Dataset records
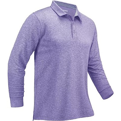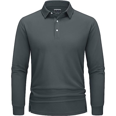 TACVASEN Men's Golf Polo Shirts Quick Dry Moisture Wicking Lightweight Casual Long Sleeve Shirt
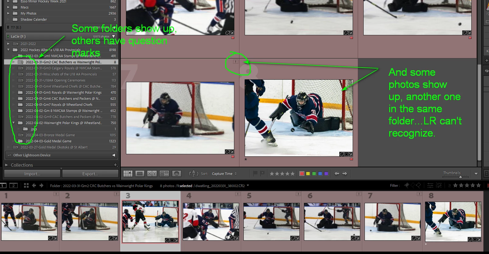 I have an external drive in my library. All folders have been imported in LR. I've been working on and editing a few hundred images over the past few weeks. When I unplug the drive, naturally the library has all the question marks beside the folders. I plug the drive in...they slowly repopulate like normal. All of a sudden, I plug the drive in today, half the folders show normal, but a bunch of others remain with question marks. I go to "locate" the folder, but nothing happens. When I go to locate one particular file within the folder, LR gives me an error saying the "photo is associated with another photo in the library". But it is the only photo. I haven't moved any folders or files around. In fact, some of the folders on the same drive, LR recognizes, others within the same folder, it doesn't. Even stranger, some photos within a folder are recognized, others are not.
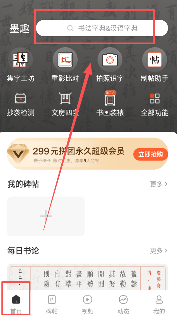 1、进入首页,可利用顶部搜索框查找书法字典或汉语字典,还能使用拍照识字等功能。
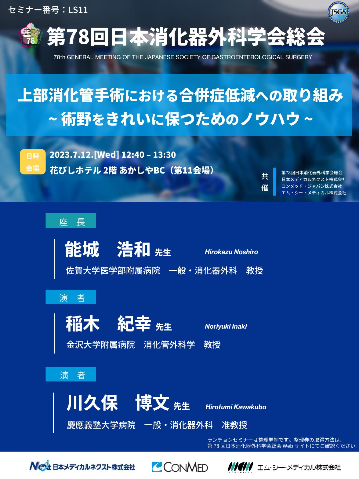 ランチョンセミナー11 上部消化管手術における合併症低減への取り組み~術野をきれいに保つためのノウハウ~ 2023年7月12日(水) 12:40 - 13:30 第11会場 | 花びしホテル 2階 あかしやBC 共催:日本メディカルネクスト株式会社/コンメッド・ジャパン株式会社/エム・シー・メディカル株式会社 |
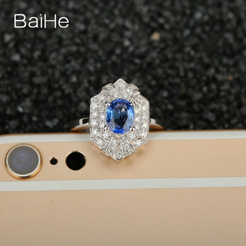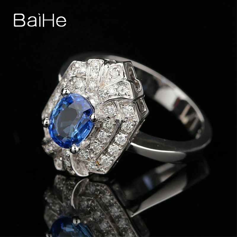 Special Offer BAIHE الصلبة 18k الذهب الأبيض المعتمدة البيضاوي قص 1.2ct 100% الياقوت الطبيعي الزفاف النساء العصرية الجميلة مجوهرات خاتم الموضة Discount 0% Today!
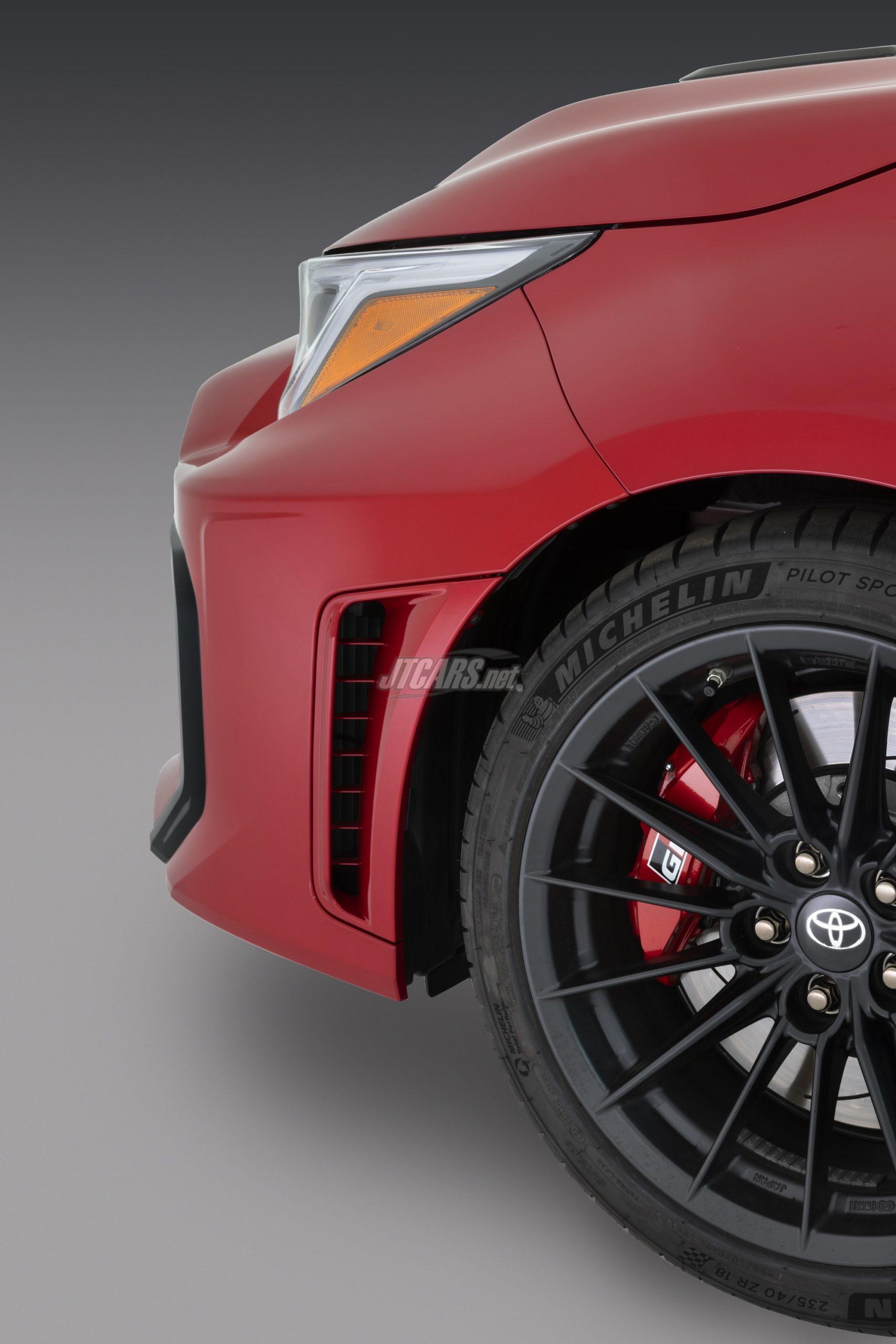 The GR Corolla will be available in three grades: Core, Premium, and the new Premium Plus. It’s built on the TNGA-C platform with a low center of gravity, featuring 18-inch wheels and Michelin® Pilot Sport® 4 tires. The Premium Plus grade includes a carbon fiber roof, vented bulge hood, and matte black wheels.
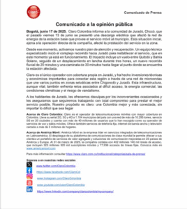 “Esta situación inicial, ajena a la operación directa de la compañía, afectó la prestación del servicio en la zona. Desde ese momento, activamos nuestro plan de atención y recuperación. Un equipo técnico especializado inició el complejo recorrido hacia Juradó para restablecer el servicio, que en este momento ya está en funcionamiento. El trayecto incluye un vuelo entre Quibdó y Bahía Solano, seguido de un desplazamiento en lancha durante tres horas, un nuevo recorrido fluvial de 20 minutos y una caminata de 30 minutos hasta llegar al punto donde se encuentra la estación afectada”, dice el comunicado de Claro.
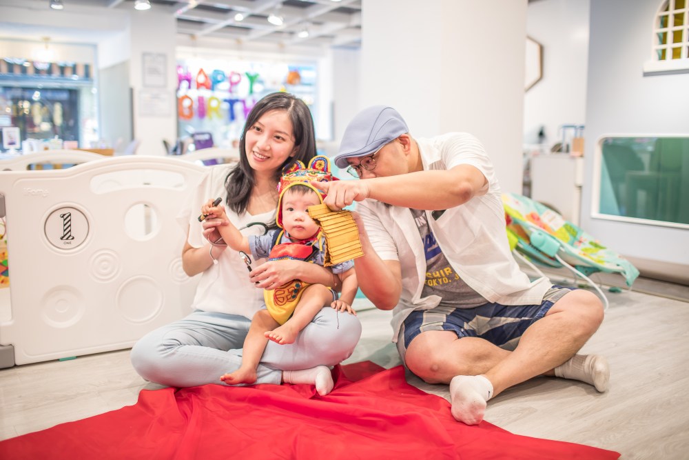 如果要以場合而言,比較輕鬆的狀態下,像是溫溫的抓周派對時,熊則是挑了淺藍色的帽子搭配白襯衫
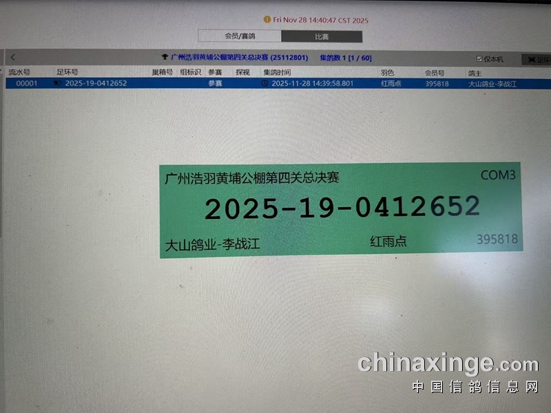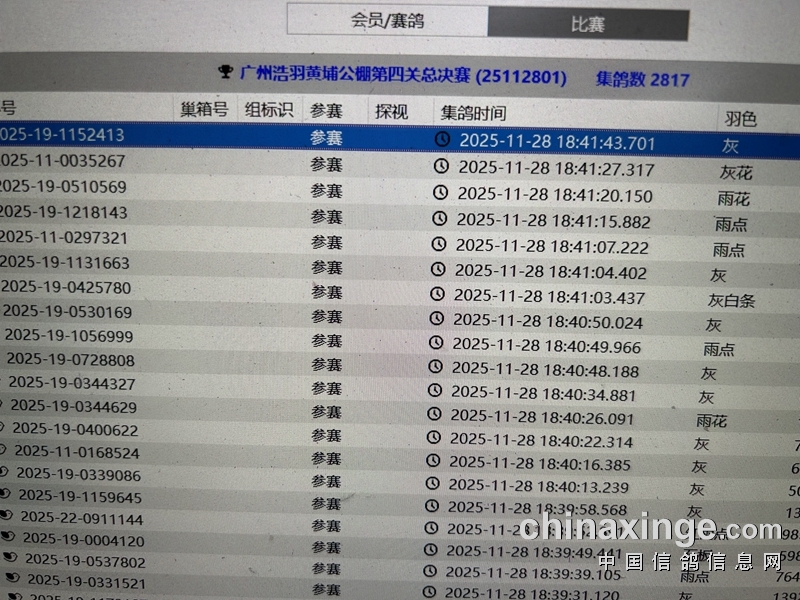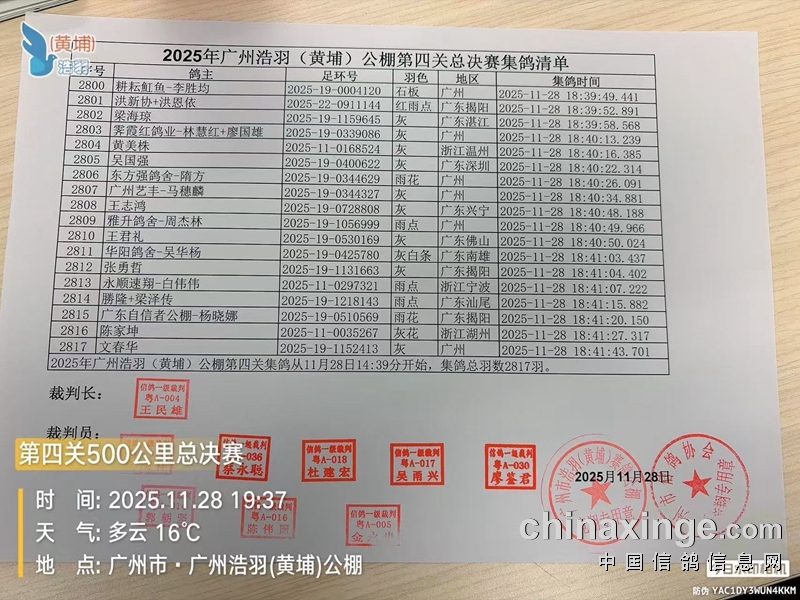 广州浩羽(黄埔)公棚第四关总决赛集鸽扫描清单(2817羽)
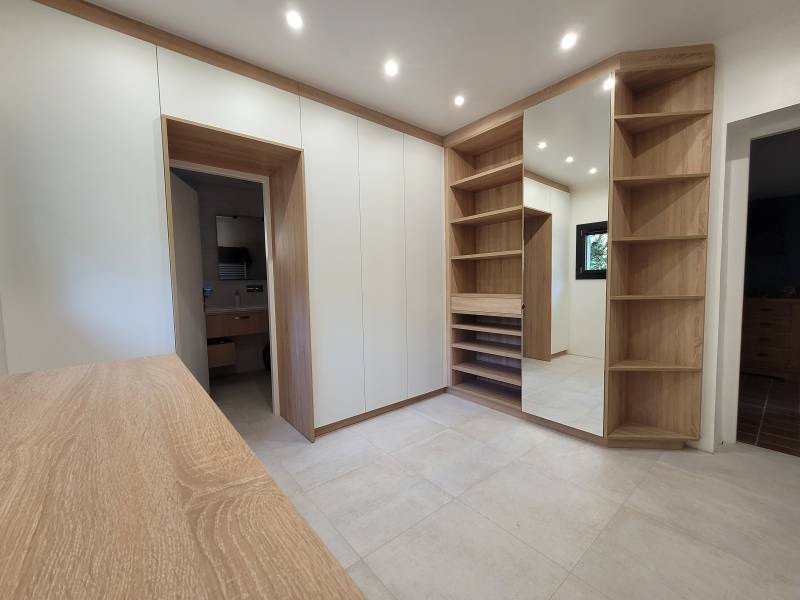 L'aménagement d'un dressing fermé avec des portes battantes, est la solution que nous avons retenu pour optimiser l'espace entre une chambre et une salle de bain. Le passage entre les deux pièces a été souligné avec le décor bois de l'encadrement.Les meubles sont équipés principalement de penderie...
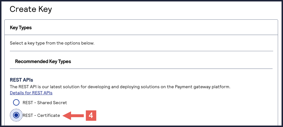 - Under REST APIs, chooseREST – Certificate, and then clickGenerate key.If you are using aportfolioaccount, the Key options window appears, giving you the choice to create a meta key.
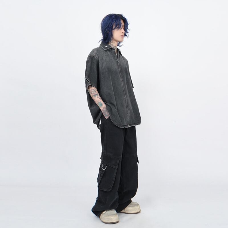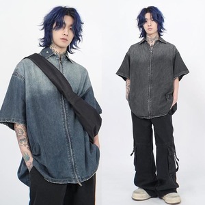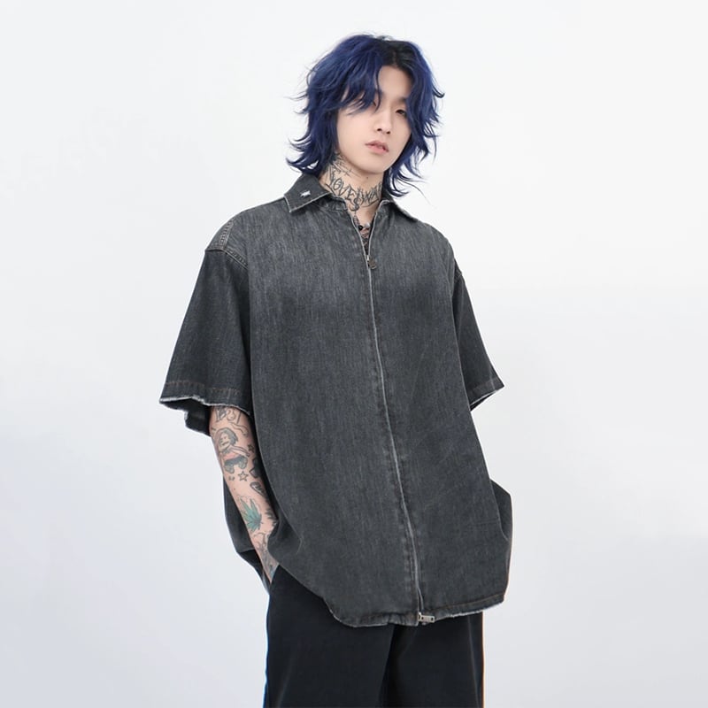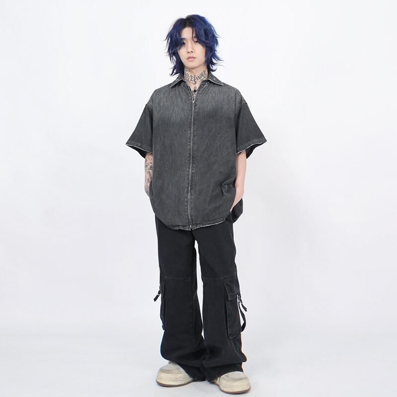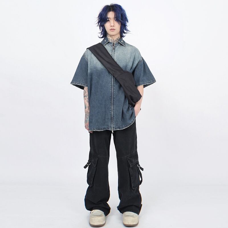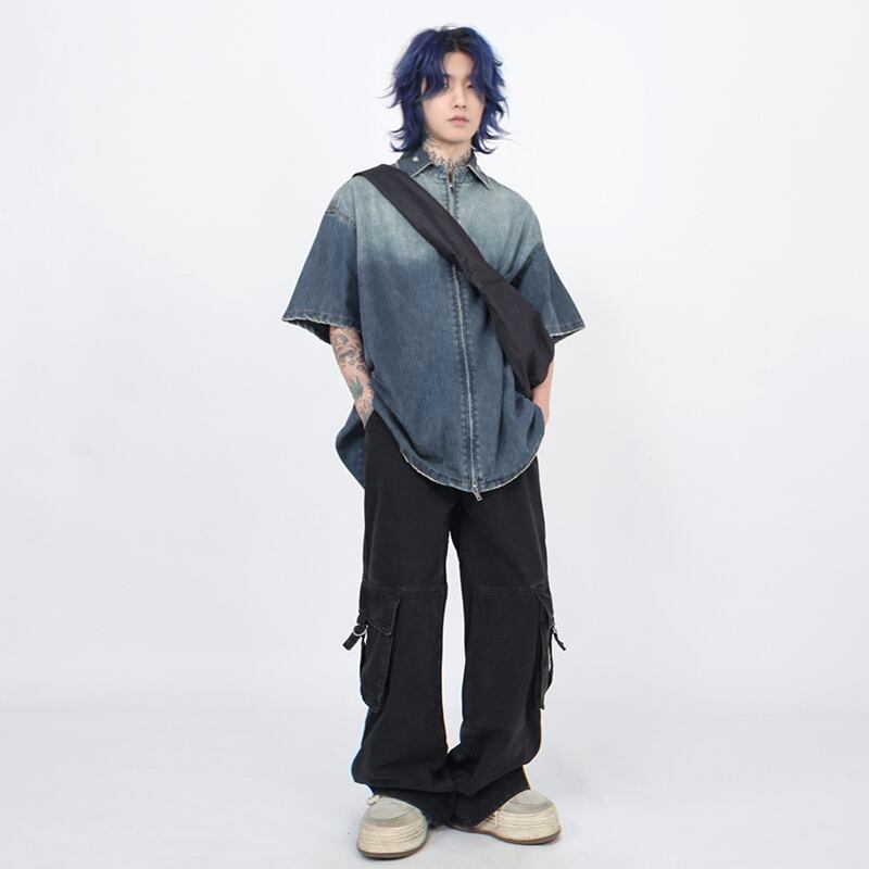MZ STUDIOグラデーションダブルジップデニムシャツ

What is needed
Every line from the one containing "- Under REST" to the last line of the material must be returned exactly. Leave out any pictures.

Result for this task
 - Under REST APIs, chooseREST – Certificate, and then clickGenerate key.If you are using aportfolioaccount, the Key options window appears, giving you the choice to create a meta key.
MZ STUDIOグラデーションダブルジップデニムシャツ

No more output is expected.